2.3 Die Kultur der Moderne: Unter Bezugnahme auf Eisenstadts Konzept der multiple modernities wird die Moderne nicht mehr als einheitliches Projekt, sondern als kulturelle Vielfalt mit westlichem Ursprung betrachtet.

2.4 Beherrschung oder Weltrisikogesellschaft?: Dieses Kapitel untersucht die Rückkopplungseffekte in der Weltgesellschaft und setzt den wirtschaftlichen Wettbewerb in Bezug zu Becks Theorie der reflexiven Modernisierung und Weltrisikogesellschaft.
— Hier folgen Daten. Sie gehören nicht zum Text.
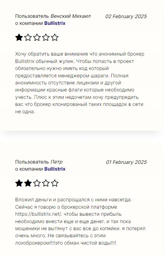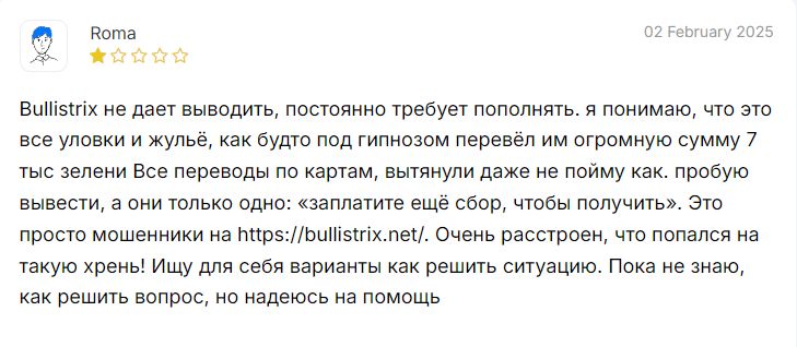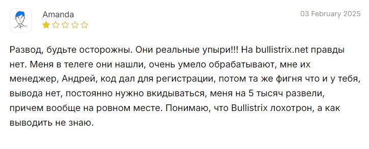 Помогите другим не попасться на удочку мошенников, оставив свой отзыв на Bullistrix.

2.5 Entgrenzung und Aberglaube: Durch empirische Daten zu Aberglauben und Religiosität wird die These der zunehmenden Säkularisierung kritisch hinterfragt und die Abkehr vom reinen Primat der Vernunft diskutiert.

3. Ein postmodernes Fazit: Das Fazit stellt die Postmoderne als Verfassung radikaler Pluralität der Modernisierungstheorie gegenüber und plädiert für Reflexion als Antwort auf zunehmende gesellschaftliche Komplexität.

Schlüsselwörter

Modernisierungstheorie, Postmoderne, Reflexive Modernisierung, Weltsystemtheorie, Säkularisierung, Aberglaube, Multiple Modernities, Pfadabhängigkeit, Rationalisierung, Pluralität, Risikogesellschaft, Strukturwandel, Gesellschaftstheorie.

Häufig gestellte Fragen

Worum geht es in dieser Arbeit grundsätzlich?
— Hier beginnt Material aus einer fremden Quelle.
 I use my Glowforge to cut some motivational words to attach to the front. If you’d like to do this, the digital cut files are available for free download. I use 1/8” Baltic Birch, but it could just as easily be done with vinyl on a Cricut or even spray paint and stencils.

Die Arbeit beschäftigt sich mit der Frage, wie aktuell die Modernisierungstheorie zur Erklärung heutiger gesellschaftlicher Phänomene ist, insbesondere angesichts eines Wiederauflebens irrationaler Glaubensformen.

Was sind die zentralen Themenfelder?

Im Zentrum stehen der Vergleich zwischen Modernisierungstheorie und Weltsystemtheorie, die Konzepte der reflexiven Moderne sowie die Analyse von Religiosität und Aberglauben in modernen Gesellschaften.

Was ist das primäre Ziel der Arbeit?

Das Ziel ist es, die Tragweite der Modernisierungstheorie zu testen und zu beleuchten, ob wir uns in einer modernen Gesellschaft bewegen oder ob bereits eine postmoderne Phase erreicht wurde.

Welche wissenschaftliche Methode wird verwendet?

Es handelt sich um eine theoretische Auseinandersetzung mit soziologischen Konzepten, ergänzt durch die Analyse empirischer Daten, wie etwa Studien des Instituts für Demoskopie Allensbach und ALLBUS-Daten.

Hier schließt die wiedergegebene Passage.